I’d take option #1 and invest it. At 7% annualized return, you’re looking at $162k in 26 years, which, with a 4% annual withdrawal rate, will churn out $6480 per year, or $540 per month. And your wife and kids will get it if anything happens to you (hopefully, nothing bad will happen to you). It will also continue growing in perpetuity. Woohoo! How exciting for you!
Q-FI says
There we go… throwing out some real numbers. I love it! Thanks for chiming in Miss Camel! And all very good points.
You deserve the praise and keep up the great work over there. I always enjoy reading and when this letter came, the first thing I thought of was your Financial Porn segment and this would be a good situation to share with FI folks.
FullTimeFinance says
Honestly I’d have to think about option 1 or 3. It comes down to my taxes will be much lower when assets hit for 3, but I could probably get a better return on 1 in stocks.

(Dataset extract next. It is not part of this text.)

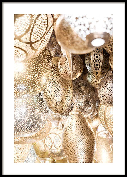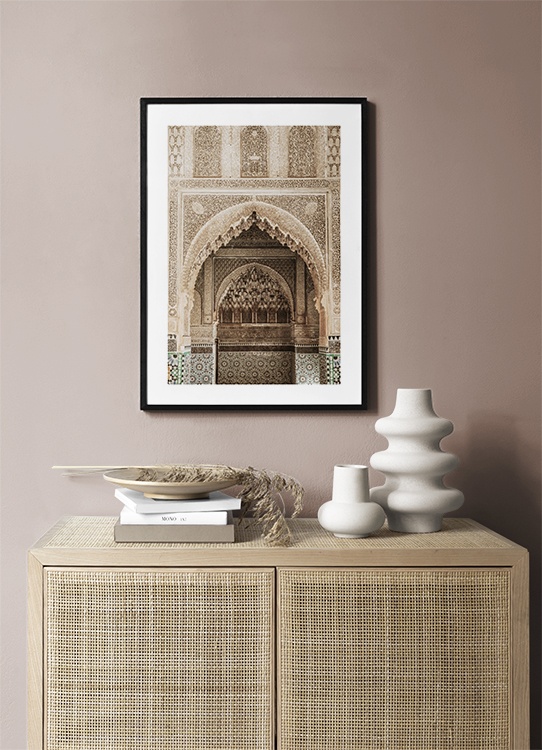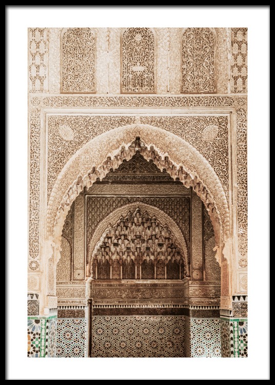 Motivi Handpicked Fotografia di un arco moresco dorato con arabeschi in un tempio. Questo posto, ricco di dettagli realizzati con grande maestria, è davvero magico. Questo poster fa parte di Studio Amara, una collezione di fotografie scattate da Desenio Design Studio a Marrakech.

If you are at large Corporation I wouldn’t worry much about solvency since the Fed has your back. I tend to look at my pension as part of my bond allocation valued at npv. When compared to today’s bond rates it throws me back to keeping the pension. But those rates won’t stay low forever.
I’ve always assumed I’ll one day be forced to make this decision. I have a Corporate pension and so does my wife. I decided that my situation at that time re taxes, income, risk free rate, expected changes in future income etc would drive my decision.
Q-FI says
Two corporate pensions… you’re killing it FTF! Hahaha. I thought I was one of the few w/ a small corporate pension and you put me to shame. I agree w/ the NPV of the bond allocation.

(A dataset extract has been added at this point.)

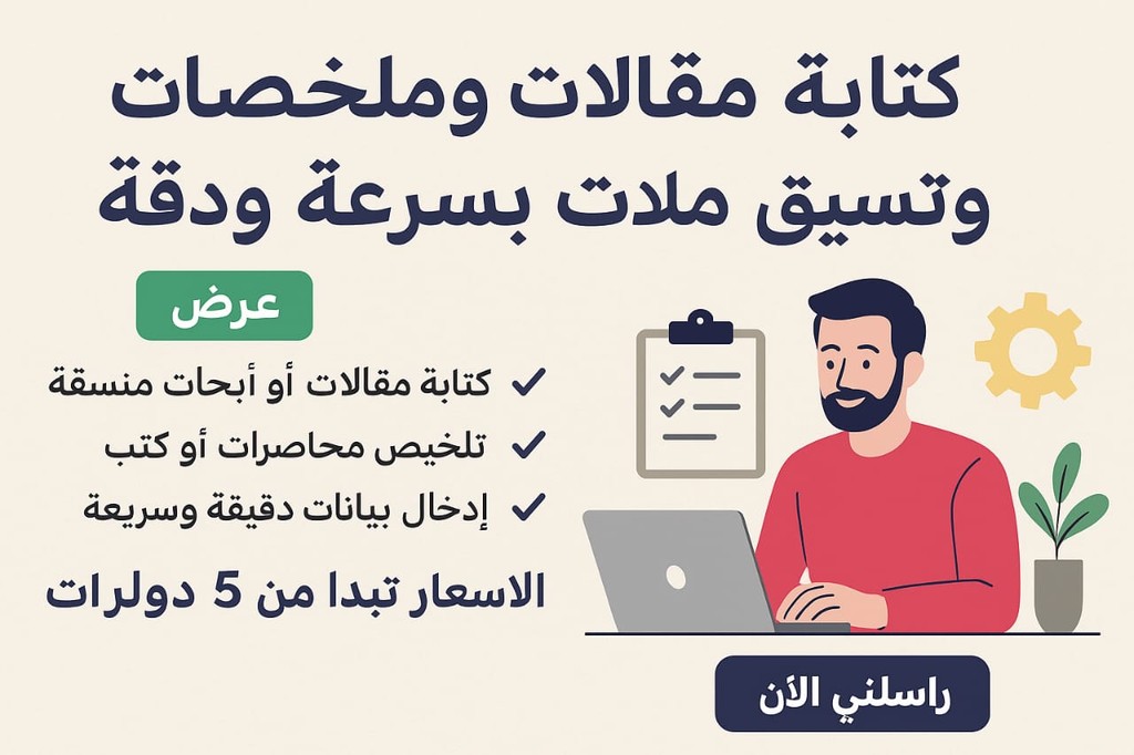 > هل تحتاج إلى مقالات، أبحاث، أو ملخصات مكتوبة بشكل منظم وواضح؟

I think the choices also play into what kind of investor you are. If you have high flexibility and are fine with risk then option #1 looks promising, if you don’t like risk and favor certainty, maybe option #3 is better for your conscious and planning wise. Either way it’s not a big decision that is make or break. I thought it’d be a fun little exercise for people to mull over.
Mr. Fate says
I missed this one yesterday. I agree with the others for the same reasons – Option 1 for sure.
Q-FI says
Thanks for chiming in Mr. Fate!
Impersonal Finances says
Katie pretty much nailed it I think, especially if you trust that you’ll invest it appropriately. Thanks for sharing!
Q-FI says
Thanks for offering your two cents Impersonal Finances!